Brykyta Shelton found herself standing at the checkout counter of a major retailer, feeling uncomfortable when a woman in front of her stared at her sandal-clad feet.
Shelton has been on medication for months because her doctor said it was toenail fungus, but one nail still looks nasty.
After Sheldon completed her purchase, the woman pulled her aside and said that while she was not a doctor, she thought Sheldon was dealing with something more serious than fungus.
“She was like: ‘I know I’m just a random stranger, but please let someone else check,'” said Shelton, who lives in suburban Washington, D.C., Maryland
Sheldon, 42, accepted the advice.
Initial lab work did not give a definitive diagnosis, but her new doctor said he was sure she had acral melanoma, a type of skin cancer. Additional tests proved him right. Although rare, it is the most common subtype of melanoma in blacks like Shelton. It’s the disease that killed reggae star Bob Marley at age 36, and it’s most common on skin that’s less exposed to the sun, such as the hands, soles and under nails. Researchers don’t know what causes acral melanoma or how to prevent it.

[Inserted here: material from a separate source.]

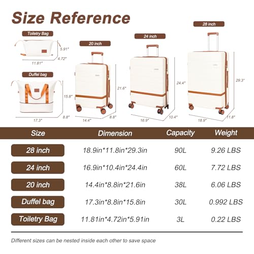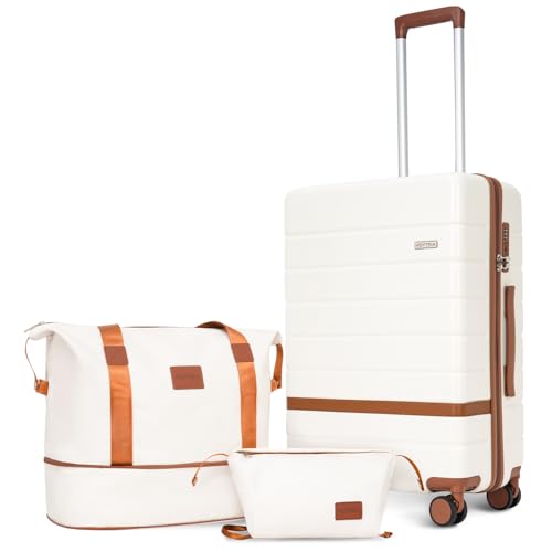 Stylish & Lightweight 3-Piece Set: Discover the perfect blend of style and function with our luggage set. It includes a sleek 20″ carry-on, a practical duffel bag that attaches to the handle, and a compact toiletry bag, all designed for the modern, style-conscious traveler

It is often overlooked or misdiagnosed during skin exams.
In general, skin cancer is often missed or misdiagnosed in black patients.
Historically, black people and people with skin cancer with dark skin have been excluded from efforts to fight skin cancer. Long ignored by sunscreen makers and a medical community that lags behind in diversity and cultural competence – acknowledging the traditions, beliefs and values of patients – many are not told sunscreen safety or how to check their skin for damage or cancer signs.

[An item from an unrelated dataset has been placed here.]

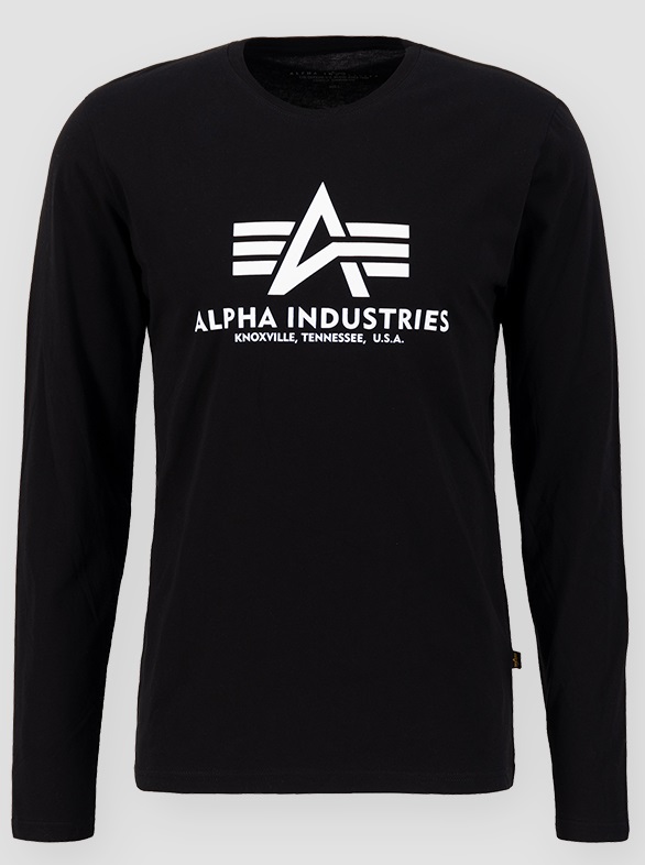 Alpha Pitkähiha musta. Musta, pitkähihainen T-paita, 100 % puuvillatrikoota. Mustassa paidassa edessä printattuna valkoinen logo.

To be sure, dark-skinned people are less likely to develop skin cancer. The incidence of melanoma in whites is more than 20 times that of African Americans, and the overall lifetime risk for whites is 1 in 38 compared with 1 in 1,000 for blacks. Melanin does provide some protection against sun damage, so those with high levels of melanin — those with darker skin — are better protected than those with fairer skin.
But overall, black patients are more likely to be diagnosed with various forms of skin cancer at more advanced stages, says Dr. Janiene Luke, Skin Color Association is a non-profit organization dedicated to educating physicians and the public about skin health.

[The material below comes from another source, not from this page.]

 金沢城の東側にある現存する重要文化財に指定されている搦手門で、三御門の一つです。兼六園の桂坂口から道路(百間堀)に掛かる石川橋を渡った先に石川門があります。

5 According to the Centers for Disease Control and Prevention, the annual melanoma survival rate for non-Hispanic blacks is 66 percent, compared to 90 percent for non-Hispanic whites. The American Cancer Society says that in the United States, 1 in 3 black men or women diagnosed with melanoma succumbs to the disease, compared with at least 1 in non-Hispanic whites.
Given the known variability in results, Dr. Valerie Harvey, president of the Society of Color, said two areas of research are needed: studying educational programs to see if awareness might lead to earlier diagnosis and improved survival; and To identify risk factors in dark-skinned patients, especially those that lead to the development of melanoma in places with less sun exposure.
Increasing cultural competence and diversity in dermatology only improves diagnosis and outcomes. According to the latest data, less than 3 percent of dermatologists nationwide are black. Orthopedics is the only medical specialty with a smaller share, said Dr. Michelle Henry, clinical lecturer in dermatology at Weill Cornell Medicine.
Dermatology has traditionally been one of the most competitive specialties in the medical field. In addition to rigorous academic requirements, admission to a dermatology program depends on connections and extensive networks with mentors, which can be expensive. This has traditionally created barriers for black medical students wanting to pursue dermatology, Henry said.
“There are a lot of barriers that make it difficult for a lot of students of color to do the things they need to do in such a super unique and small space,” she said.
Recent initiatives to help students overcome these barriers are starting to pay off,” says Diversity, Equity, and Inclusion in the Department of Dermatology at the University of Pennsylvania and founder of the Society for Color. The American Academy of Dermatology’s initiatives include A comprehensive review of residency applications, mentoring, and programs to increase interest in high school students and prepare them for college and medical school.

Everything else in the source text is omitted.